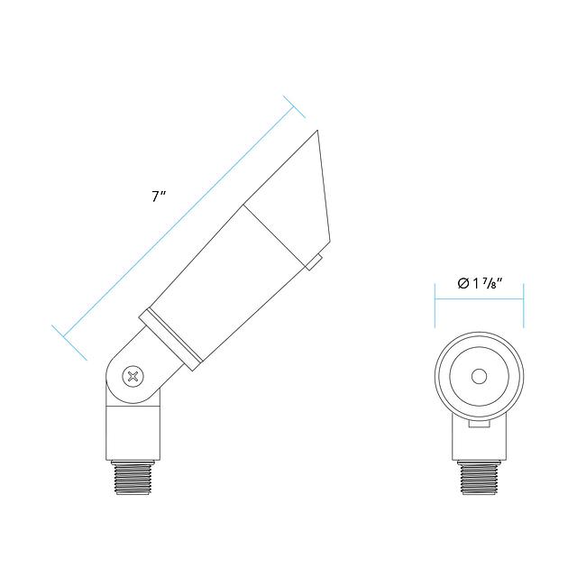 Compact and sleek, this low voltage up & accent fixture is constructed of die-cast, copper-free aluminum for strength and reliability. The fully rotatable shroud is fitted with a silicone o-ring gasket to ensure a superior weather-tight seal. A clear, tempered, shock and heat resistant soda-lime glass lens safeguards the lamp and optics. A super durable polyester powder-coated finish is applied and available in 18 colors. The intelligently engineered fully adjustable knuckle is made from injection-molded, fiber-reinforced composite which effectively isolates the fixture from the harmful corrosive soil. Mounting hardware is included – choice of ABS ground stake, mounting canopy, or tree-mount canopy.
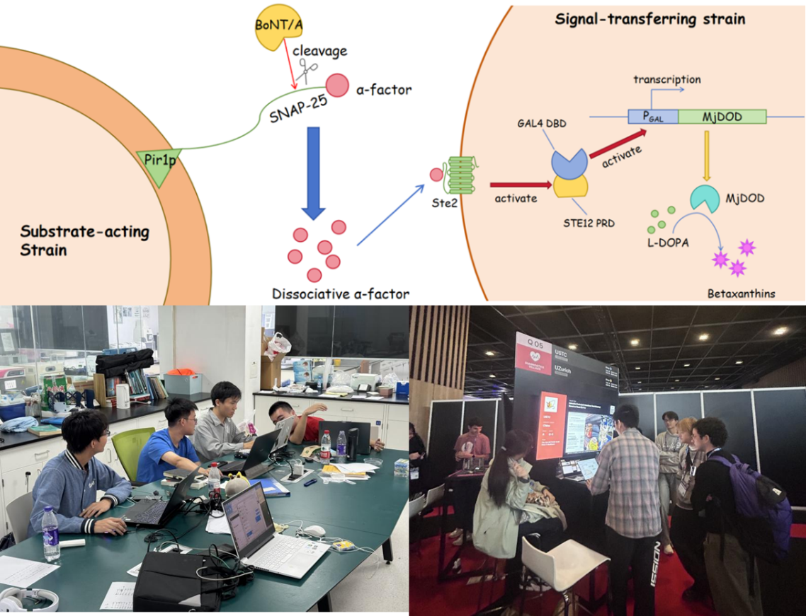 我校参赛项目为“基于酵母的肉毒杆菌毒素选择性蛋白水解生物测定法”(Selective Proteolytic Botulinum Toxin Bioassay Based On Yeast)。该项目聚焦肉毒杆菌毒素A型(BoNT/A)在食品安全与医疗安全领域引发的实际问题,致力于开发快速、精准且低成本的检测方案。团队利用合成生物学技术,设计出一套名为“SPY”的毒素生物检测系统,其创新思路与实用价值获得了评委的高度认可。
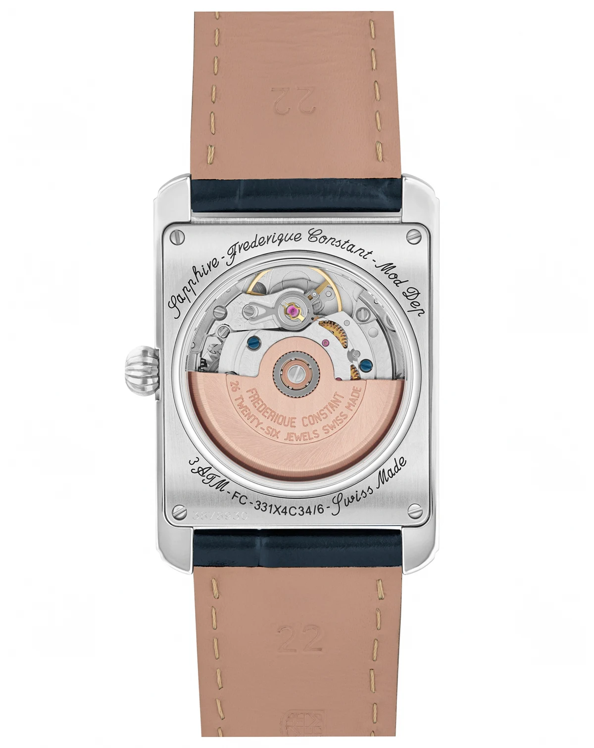 The Classics Carrée Moonphase Automatic features a 42.3x30mm steel case, navy sunray dial with guilloché, silver-tone hands and indexes, and iconic moonphase. Powered by the FC-333 with 38-hour reserve, it comes on a navy calf leather strap.
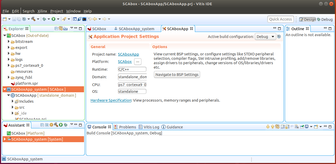 Right click on the SCAboxApp/cmd/main.c source in the arborescence and select properties.
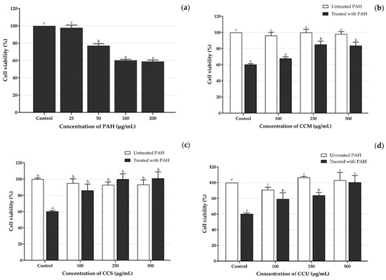 Effects of PAH on the viability of HaCaT cells using the MTT assay; the bars represent the percent cell viability of HaCaT cells (a) treated with different concentrations of the PAH (25–200 µg/mL) and the extracts; (b) CCM, (c) CCS and (d) CCU in different concentrations (100–500 µg/mL) were exposed to 100 µg/mL of PAH for 24 h. Data are shown as mean ± S.D. (n = 3). Tukey’s HSD test was performed to compare all group means to each other. Groups that share the same letters (a–c) do not exhibit significant differences at p < 0.05.
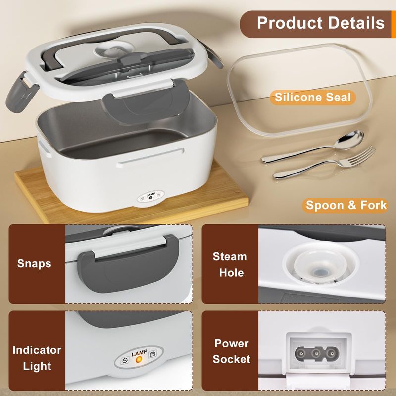 HOGARBAZARUTENSILIOS DE COCINAFiambrera eléctrica para adultos, 60-80 W, calentador de alimentos para hombre, trabajo, automóvil,
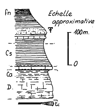 Colonne stratigraphique de l'unité de la Piconiera : succession subbriançonnaise de sillon mais avec Malm calcaire mince ; niveaux de microbrèches à Nummulites à la partie haute des marbres en plaquettes, sous le passage (transitionnel) au flysch noir. Abréviations : fn, Faciès « flysch noir », cs, Faciès calcschistes du Crétacé supérieur et de l'Éocène (br : brèches de niveaux divers) ; cm, Crétacé moyen ; ci, Néocomien ; M, Faciès calcaire du sommet du Malm (sil. : niveaux à silex) ; Ar, Calcaires argileux « argoviens », tn, Faciès « terres noires » (Oxfordien), Ca, « Callovien » ; D, Barre calcaire du Dogger ; Sin., Sinémurien (?) ; Het., Hettangien (?) ; Rh, Rhétien ; tk, Cargneules triasiques ; ts, Schistes, brèches et dolomies « postladiniennes » ; td, Dolomies ladiniennes ; tc, Calcaires anisiens. |
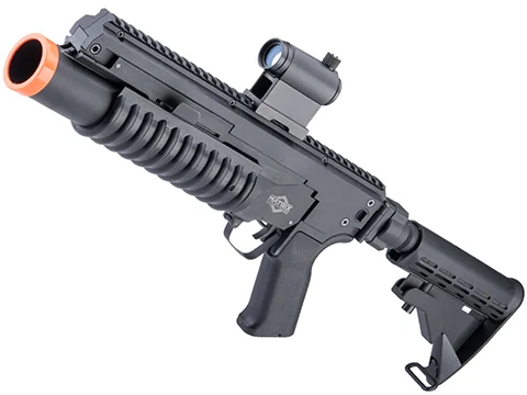 The complete launcher package comes with a lightweight polymer M203 grenade launcher, an M4 buffer tube, and an ergonomic adjustable length of pull stock. All that is needed to start raining BB fury upon your foes is the grenades themselves.
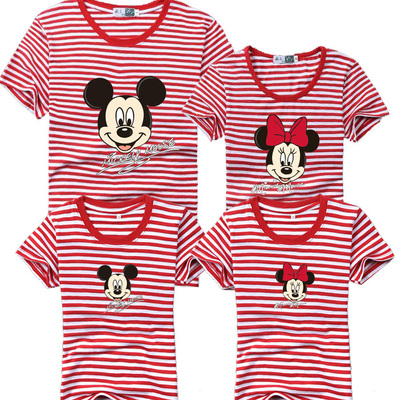 Áo sơ mi linh hồn biển cha-con mặc áo cotton sọc trắng xanh cổ tròn Áo phông ngắn tay mùa hè đầy đủ nhà bốn đứa trẻ mẫu giáo mặc kinh doanh quần áo trẻ em

::::::

About this exercise - Starting at the line above that has "Effects of PAH" and ending at the line that has "The complete launcher", copy each line exactly, leaving the pictures out and adding nothing.

Answer to this problem -
 Effects of PAH on the viability of HaCaT cells using the MTT assay; the bars represent the percent cell viability of HaCaT cells (a) treated with different concentrations of the PAH (25–200 µg/mL) and the extracts; (b) CCM, (c) CCS and (d) CCU in different concentrations (100–500 µg/mL) were exposed to 100 µg/mL of PAH for 24 h. Data are shown as mean ± S.D. (n = 3). Tukey’s HSD test was performed to compare all group means to each other. Groups that share the same letters (a–c) do not exhibit significant differences at p < 0.05.
 HOGARBAZARUTENSILIOS DE COCINAFiambrera eléctrica para adultos, 60-80 W, calentador de alimentos para hombre, trabajo, automóvil,
 Colonne stratigraphique de l'unité de la Piconiera : succession subbriançonnaise de sillon mais avec Malm calcaire mince ; niveaux de microbrèches à Nummulites à la partie haute des marbres en plaquettes, sous le passage (transitionnel) au flysch noir. Abréviations : fn, Faciès « flysch noir », cs, Faciès calcschistes du Crétacé supérieur et de l'Éocène (br : brèches de niveaux divers) ; cm, Crétacé moyen ; ci, Néocomien ; M, Faciès calcaire du sommet du Malm (sil. : niveaux à silex) ; Ar, Calcaires argileux « argoviens », tn, Faciès « terres noires » (Oxfordien), Ca, « Callovien » ; D, Barre calcaire du Dogger ; Sin., Sinémurien (?) ; Het., Hettangien (?) ; Rh, Rhétien ; tk, Cargneules triasiques ; ts, Schistes, brèches et dolomies « postladiniennes » ; td, Dolomies ladiniennes ; tc, Calcaires anisiens. |
 The complete launcher package comes with a lightweight polymer M203 grenade launcher, an M4 buffer tube, and an ergonomic adjustable length of pull stock. All that is needed to start raining BB fury upon your foes is the grenades themselves.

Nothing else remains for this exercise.